Un altro tema centrale è superare le differenze regionali nell’accesso alle cure. Quale contributo può offrire l’ISS, attraverso attività di monitoraggio e raccolta dati, per rendere visibili e correggere le disuguaglianze territoriali che ancora caratterizzano il percorso delle persone con malattia rare?
Le disuguaglianze territoriali diventano correggibili solo se prima sono rese visibili. L’ISS può offrire un contributo essenziale attraverso monitoraggio, analisi epidemiologica, confronto tra flussi regionali e produzione di evidenze utili alla programmazione. Non si tratta di costruire classifiche, ma di individuare dove il percorso del paziente si interrompe o diventa più difficile: tempi di diagnosi, accesso ai centri, disponibilità di presa in carico multidisciplinare, continuità assistenziale, supporto nella transizione e accesso ai trattamenti. Dati comparabili consentono alle istituzioni di intervenire con maggiore precisione e ai professionisti, inclusi i MMG, di orientare meglio i pazienti all’interno della rete”.
La Carta di Roma nasce con l’ambizione di contribuire al futuro Piano d’Azione Europeo sulle malattie rare.
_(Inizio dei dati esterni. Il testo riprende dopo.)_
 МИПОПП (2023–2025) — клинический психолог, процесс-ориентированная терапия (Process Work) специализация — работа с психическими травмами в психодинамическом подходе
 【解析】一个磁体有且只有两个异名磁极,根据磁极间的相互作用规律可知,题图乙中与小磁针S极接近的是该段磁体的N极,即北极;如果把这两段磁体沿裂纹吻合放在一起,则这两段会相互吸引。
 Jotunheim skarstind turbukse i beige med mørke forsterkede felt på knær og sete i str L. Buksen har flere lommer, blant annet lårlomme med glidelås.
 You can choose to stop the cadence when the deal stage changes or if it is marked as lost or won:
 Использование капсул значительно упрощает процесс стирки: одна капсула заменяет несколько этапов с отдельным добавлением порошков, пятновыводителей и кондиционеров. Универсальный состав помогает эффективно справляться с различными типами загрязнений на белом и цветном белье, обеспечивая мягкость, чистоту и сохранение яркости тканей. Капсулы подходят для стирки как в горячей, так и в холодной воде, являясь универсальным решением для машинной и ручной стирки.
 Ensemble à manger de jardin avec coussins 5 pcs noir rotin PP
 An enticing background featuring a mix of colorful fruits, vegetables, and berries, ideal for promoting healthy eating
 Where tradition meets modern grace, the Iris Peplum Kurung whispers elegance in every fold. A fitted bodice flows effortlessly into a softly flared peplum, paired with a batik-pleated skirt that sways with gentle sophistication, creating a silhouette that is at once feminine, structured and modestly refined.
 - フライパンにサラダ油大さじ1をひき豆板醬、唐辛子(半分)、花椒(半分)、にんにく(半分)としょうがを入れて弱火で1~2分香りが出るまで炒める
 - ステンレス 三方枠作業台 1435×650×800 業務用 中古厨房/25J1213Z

Quali elementi dell’esperienza italiana ritiene possano rappresentare un modello per l’Europa e, al contrario, quali buone pratiche europee dovremmo importare più rapidamente nel nostro sistema?
L’Italia ha elementi importanti da offrire all’Europa: una legge specifica sulle malattie rare, un Piano Nazionale, una rete di presidi e centri di riferimento, il Registro Nazionale e una lunga esperienza di collaborazione tra istituzioni, clinici, ricercatori e associazioni di pazienti. Anche lo screening neonatale esteso rappresenta un ambito in cui il nostro Paese ha sviluppato competenze significative. Dall’Europa dobbiamo invece importare più rapidamente la piena interoperabilità dei dati, la cultura della condivisione sicura, il rafforzamento del collegamento con le ERN e modelli più strutturati per i pazienti non diagnosticati. Il futuro Piano d’Azione Europeo sarà decisivo se riuscirà a rendere omogenei diritti, accesso e opportunità di cura nei diversi Paesi”.
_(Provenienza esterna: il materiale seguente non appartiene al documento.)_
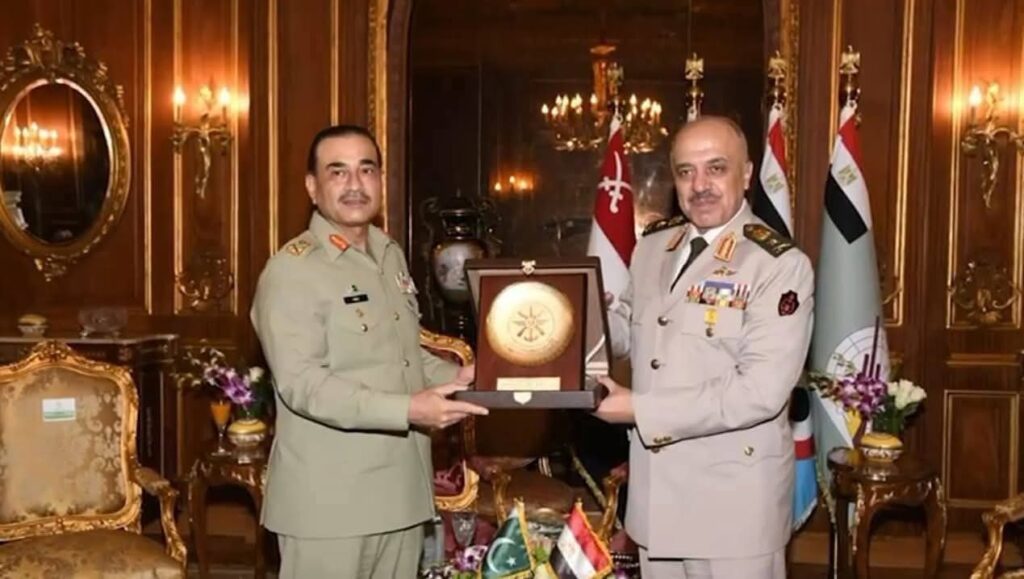 فیلڈ مارشل سید عاصم منیر، جمہوریہ مصر کے ایک اہم سرکاری دورے پر ہیں۔ اس دورے کا بنیادی مقصد دونوں برادر ممالک کے درمیان فوجی تعاون اور دفاعی اشتراک کو مزید فروغ دینا ہے۔اپنے دورے کے دوران، فیلڈ مارشل سید عاصم منیر نے مصری وزیر دفاع اور دفاعی پیداوار، جنرل عبدالمجید صقر اور مصری مسلح افواج کے چیف آف سٹاف، لیفٹیننٹ جنرل احمد خلیفہ فتحی سے ملاقات کی۔ان اعلیٰ سطحی ملاقاتوں میں باہمی دلچسپی کے امور، علاقائی سلامتی کی ابھرتی ہوئی صورتحال، اور دوطرفہ دفاعی تعاون کو مزید مضبوط بنانے کے طریقوں پر تفصیلی تبادلہ خیال کیا
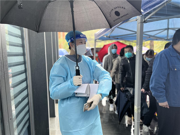自深圳“0215”疫情突發(fā)以來,羅湖東門街道城東社區(qū)負責(zé)的湖貝社區(qū)公園臨時核酸點再次啟動。核酸點重啟的那天,雨嘩啦啦的下,負責(zé)人事安排、后勤保障的盧映均在工作群看到入口處的同事僅穿著雨衣服務(wù)居民的照片,舍不得讓站崗的同事長時間淋雨,恨不得自己去扛帳篷,奈何6個月身孕,只能安排現(xiàn)場的同事挪動帳篷,那帳篷沉得要四位男同志才扛得動。
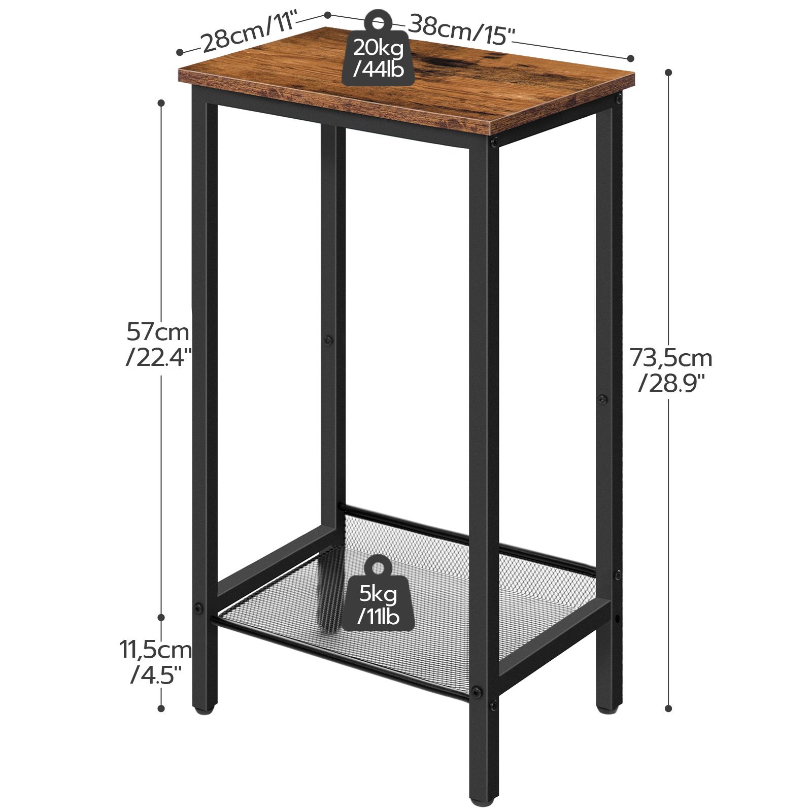 Hoher Beistelltisch, Beistelltisch im Industriestil mit verstellbaren Netzregalen, Multifunktionaler Nachttisch für Schlafzimmer, Wohnzimmer und Flur, Rustikales Braun & Schwarz
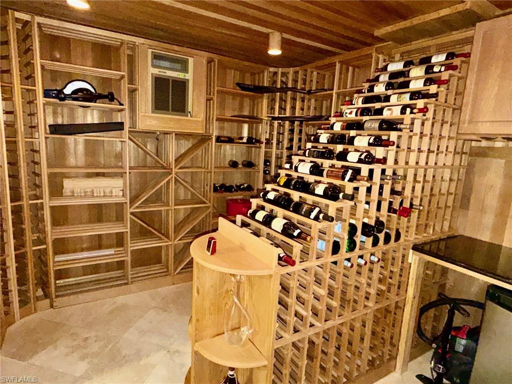 Welcome to 3786 Cracker Way, a stunning Key West-style retreat located in the charming community of Cracker Cove in Bonita Bay. This 2-bedroom, 2-bathroom home spans 2, 050 square feet and is designed for both relaxation and adventure. It boasts lush tropical landscaping, a spacious wrap-around deck, and a covered four-car garage perfect for boat storage. Upon entering the living quarters upstairs, you're greeted by an open floor plan with vaulted ceilings, wood beams, with tile and wood flooring throughout. Abundant natural light pours in through large windows adorned with plantation shutters. The inviting living room flows seamlessly into the kitchen, featuring granite countertops, a breakfast bar, and an adjacent dining area with an open view of the living space. A spacious walk-in laundry room with cabinets, sink, and extra storage for added convenience. The guest bedroom features a full bathroom with a walk-in shower. Tucked in the corner of the home, the primary suite offers a true retreat, complete with a walk-in closet featuring built-in shelving, dual sinks, a walk-in shower, and a private indoor sauna that comfortably fits four. Step outside through the French doors leading to a screened-in lanai, surrounded by lush greenery. From there, the wrap-around porch invites you to take in the serene tropical setting. The community pool is just steps from home. This home also includes a rare bonus large wine cellar, perfect for collectors and entertainers alike. There is so much to enjoy at Bonita Bay including a private beach club, beach shuttle, walking/jogging trails, dog park, marina and waterfront restaurant, tennis, and golf with separate membership purchase. With its blend of coastal charm and modern amenities, this home is a Florida paradise waiting to be enjoyed!
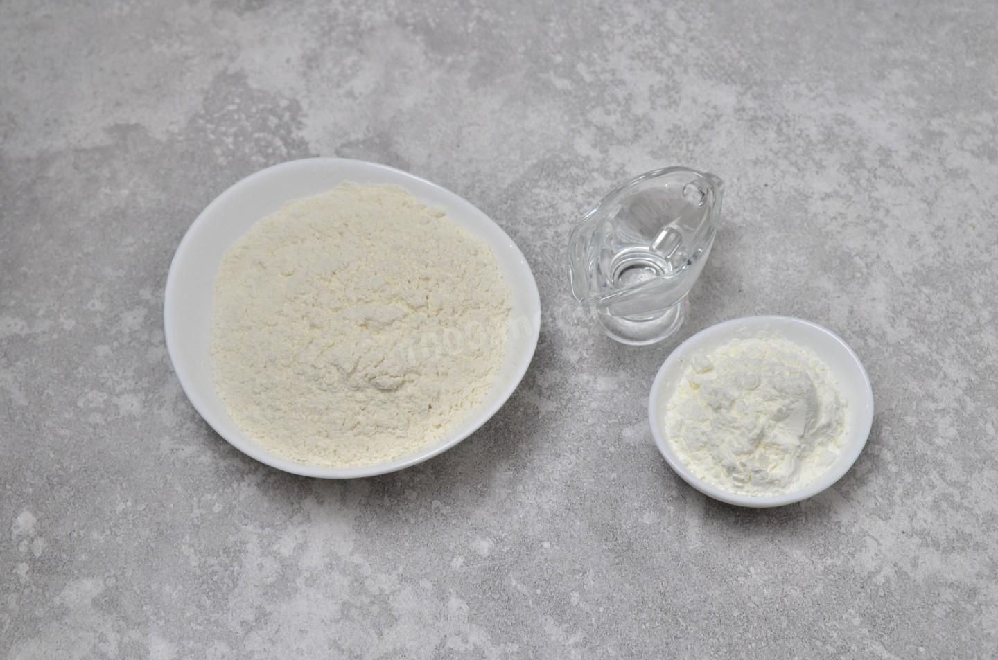 Как сделать слоеную китайскую лепешку с мясом и зеленым луком? Подготовьте продукты. Первым делом сделайте тесто. Крахмал возьмите картофельный. Воду комнатной температуры.
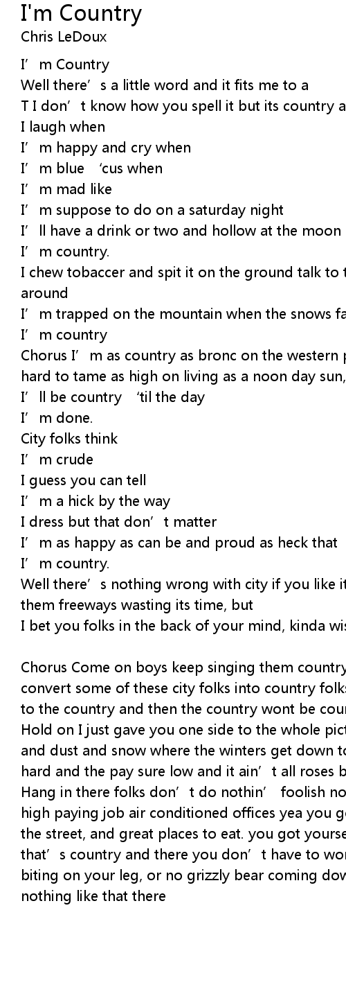 | Chorus I' m as country as bronc on the western plains just as wild and twice as hard to tame as high on living as a noon day sun, yea | |
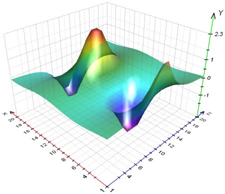 Tento program umožňuje zobrazovat data v třírozměrném grafu. Barva grafu se mění podle y-lonové hodnoty. Program využívá pro zobrazování 3D Open GL grafickou knihovnu.
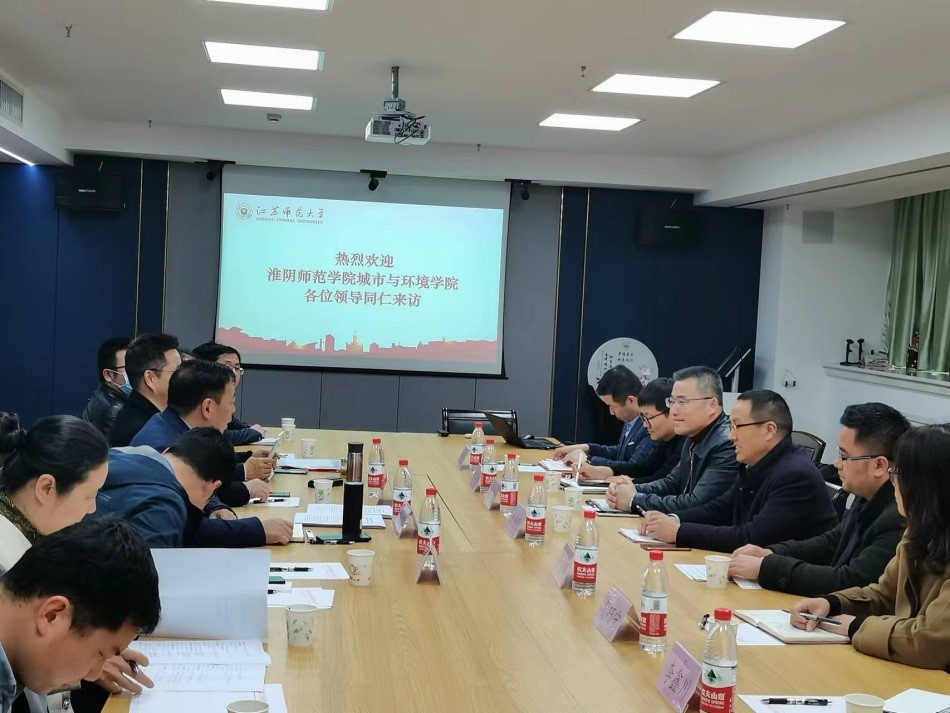 在江苏师范大学地理测绘与城乡规划公司,经理欧向军、副经理张忠启、梁亮、各专业系负责人和骨干教师,热情欢迎淮师城环公司一行调研。双方分别介绍了公司办学历史、办学特色和取得的成绩,并重点围绕城乡规划和地理信息科学专业内涵建设、校内外实践教学等相关工作进行了深入分组交流座谈。

Dottoressa Scattoni, lei ha assunto da pochi mesi la guida del Centro Nazionale Malattie Rare. Dopo questo primo Summit e la nascita della Carta di Roma, qual è la priorità che ritiene non più rinviabile se vogliamo che il documento non resti soltanto una dichiarazione di intenti?
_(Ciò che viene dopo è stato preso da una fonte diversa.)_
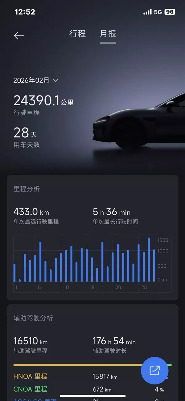 他晒出的2026年2月行车里程记录显示, 28天行驶里程高达24390公里,平均每天871公里!
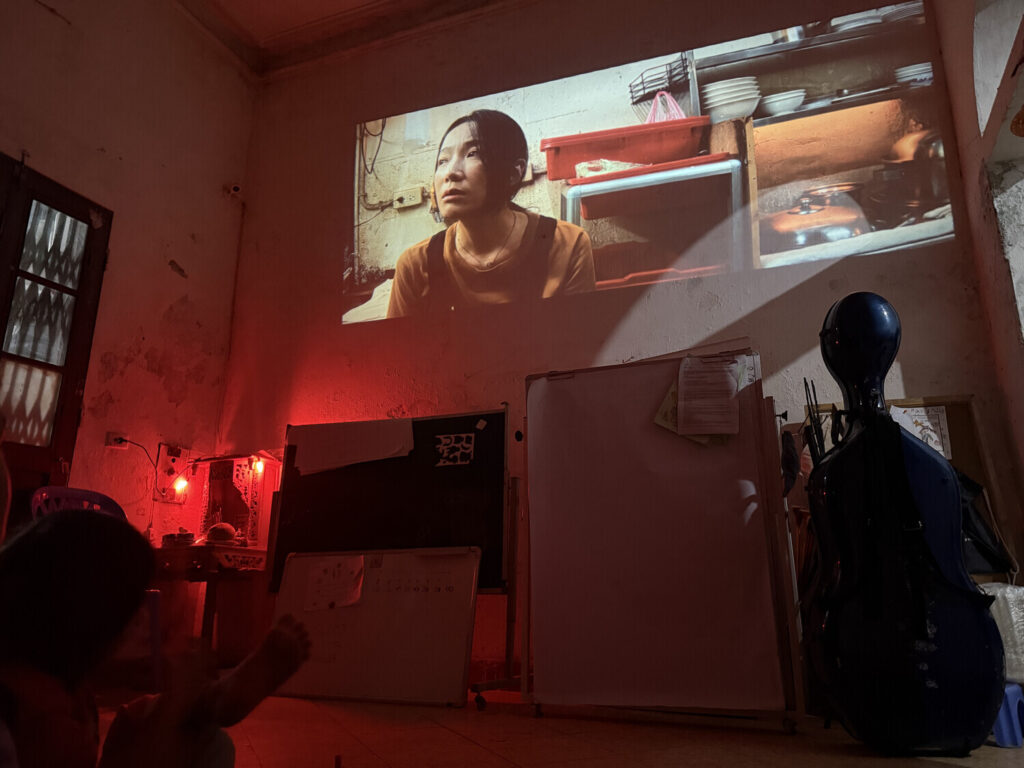 Cuando terminamos de cenar nos pusimos a ver la peli en el proyector. Nos acostamos en el piso, sobre unos colchones y peluches que Linh había traído. Éramos Linh, Diễm, Suong, yo y las palomitas que preparó Linh. Phuc no quiso participar de la noche de cine (así como no participa nunca de casi nada con su familia, por eso nunca aparece en mis entradas).
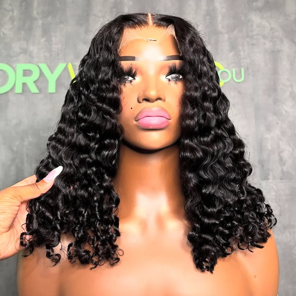 Deep Wave Bob 13x4 4x4 Lace Frontal Human Hair Wigs Brazilian Remy 100% Human Hair Natural Black Short Curly Bob Wig For Women
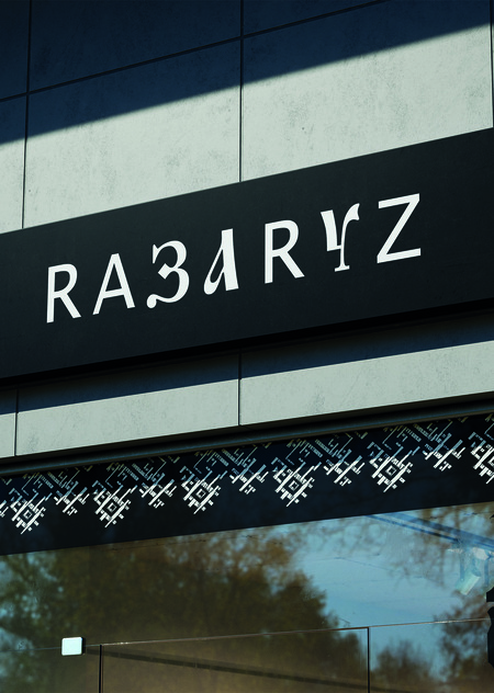 Название бренда — отсылка к старому названию, образованному от фамилии основательницы. В нём сочетаются латиница и криллица, как символ трансформации и интеграции русского кода в бренд. Чтобы подчеркнуть эти два аспекта в латинице и кириллице были использованы разные шрифты.
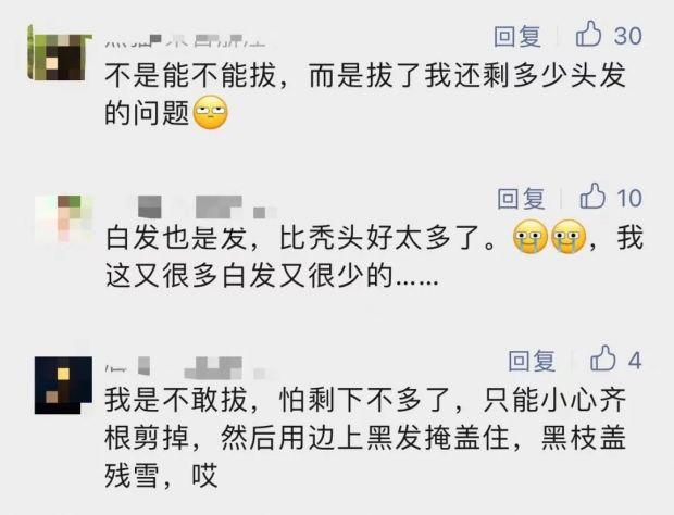 一些人在壓力較大時,可能會將疼痛感轉(zhuǎn)化為某種獲得感,在一定程度上緩解焦慮。但更多人是從拔白頭發(fā)這件事當(dāng)中獲得一種視覺上的自信——似乎又回到了頭發(fā)烏黑的時代。

La priorità non più rinviabile è passare dalla dichiarazione di intenti all’attuazione coordinata. La Carta di Roma indica una direzione chiara: ora serve un metodo stabile di lavoro, con responsabilità definite, indicatori condivisi, tempi di verifica e coinvolgimento continuativo di tutti gli attori, incluse le associazioni dei pazienti. Come Centro Nazionale Malattie Rare dell’ISS, il nostro impegno è contribuire con competenza scientifica, capacità di monitoraggio e supporto istituzionale. Il punto decisivo è costruire un sistema in cui dati, reti cliniche, ricerca e presa in carico dialoghino davvero. Solo così la Carta potrà produrre un cambiamento concreto nella vita delle persone con malattia rara e delle loro famiglie”.